Odhiambo v Republic [2024] KEHC 1491 (KLR)
Full Case Text
Odhiambo v Republic (Criminal Appeal 154 of 2023) [2024] KEHC 1491 (KLR) (20 February 2024) (Judgment)
Neutral citation: [2024] KEHC 1491 (KLR)
Republic of Kenya
In the High Court at Kibera
Criminal Appeal 154 of 2023
DR Kavedza, J
February 20, 2024
Between
Jospeh Ochieng’ Odhiambo
Appellant
and
Republic
Respondent
(Being an appeal against the original conviction and sentence delivered by Hon. E. Boke (S.P.M) on 10th February 2022 at Kibera Chief Magistrate’s Court Sexual Offences Case no. 12 of 2018 Republic vs Joseph Ochieng’ Odhiambo)
Judgment
1. The Appellant was charged and after full trial convicted by the Subordinate Court of the offence of defilement contrary to section 8 (1) and (3) of the Sexual Offences Act. He was sentenced to serve life imprisonment.
2. Being aggrieved, he filed the present appeal challenging his conviction and sentence. The grounds of appeal are: He challenged the totality of the prosecution’s evidence against which he was convicted. He complained that essential prosecution witnesses were not called to testify. That his defence was not taken into consideration. Finally, that his sentence was harsh and excessive.
3. This is the first appellate court and in Okeno v. R [1972] EA 32, the Court of Appeal for East Africa laid down what the duty of the first appellate court is. It is to analyze and re-evaluate the evidence that was before the trial court to come to its own conclusions on that evidence without overlooking the conclusions of the trial court but bearing in mind that it never saw the witnesses testify. With the above, I now proceed to determine the substance of the appeal.
4. The thrust of the grounds of appeal is that the prosecution failed to prove its case beyond reasonable doubt. To succeed in a prosecution for defilement, the prosecution must prove that the accused committed an act that caused penetration with a child. “Penetration” under section 2 of the Act means, “the partial or complete insertion of the genital organs of a person into the genital organs of another person.” The other ingredients are proof of the age of the victim and the positive identification of the assailant. The appellant and the respondent filed written submissions which have been duly considered.
5. The prosecution case was as follows. PW 2 S.A.A., the complainant testified after voir dire examination that she is 10 years old and in class 4. On a day that she could not recall, she went to the appellant’s shop in the company of her younger brother. There they met the appellant who was known to them being their neighbour. The appellant bought her younger brother 'mandazi' and sent him away.
6. She testified that the appellant tried to kiss her but she refused. He then forcefully removed her dress and underwear, forcing her to bend over. She narrated that the appellant inserted her penis into her vagina and her anus. She tried to scream but the appellant had covered her mouth.
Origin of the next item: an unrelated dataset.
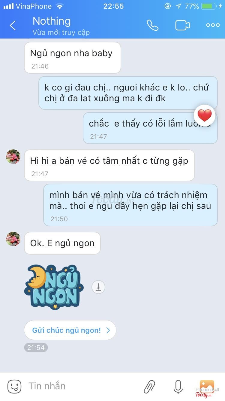 mình đã bán được mấy trăm vé .. nay về ít vé lại bán tiếp.. chủ yếu là vừa lòng khách hàng nên mình bán giá 70k 0919697274-0965946162 zaloXem thêm- Đây là nhận xét từ Thành Viên trên Foody, không phải từ Foody Corp. -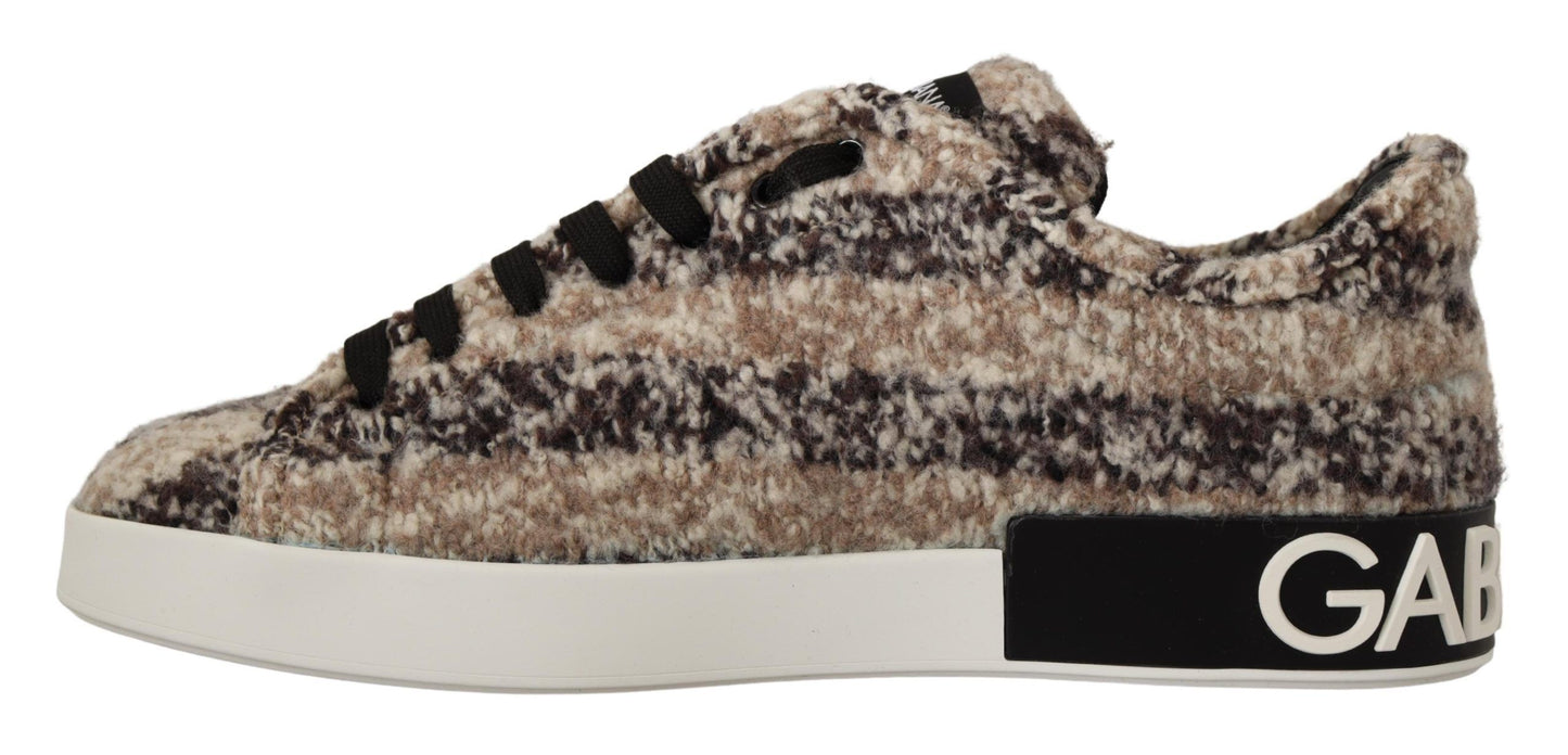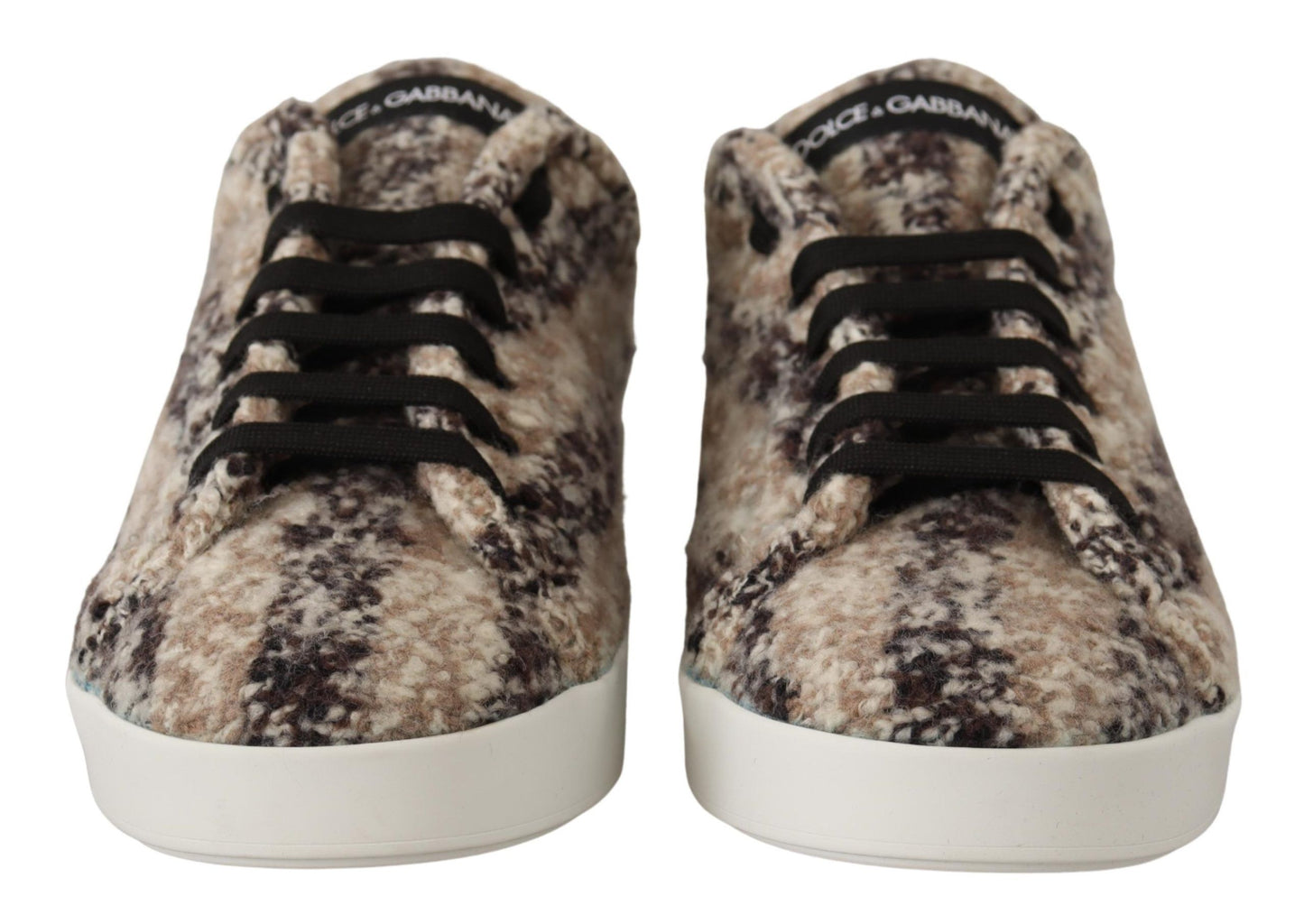 Step into sophistication with these luxurious Dolce & Gabbana casual low top sneakers. Crafted from a premium blend of wool and cotton, these shoes feature a chic beige and brown color palette that exudes elegance. The durable rubber sole provides comfort and longevity, making these sneakers a staple for any fashion-forward wardrobe. With meticulous attention to detail and Italian craftsmanship, these sneakers showcase the iconic logo for that touch of designer appeal. Perfect for any casual outing or smart-casual event.

7. In her testimony, PW 2 gave a clear and graphic testimony of her ordea at the hands of the appellant on several occasions. She knew the appellant, who was their neighbour. I therefore hold that the appellant is the one who committed the act of penetration.
8. The complainant's testimony did not require corroboration in accordance with the proviso to section 124 of the Evidence Act (Chapter 80 of the Laws of Kenya) if the trial magistrate recorded reasons why she believed the child was telling the truth. The trial magistrate noted that the complainant had no grudge against the appellant and had been troubled by the ordeal. In addition, her demeanour during the trial was well documented, and the trial court found that there was no reason why she would lie. The trial court was therefore satisfied that the victim was telling the truth.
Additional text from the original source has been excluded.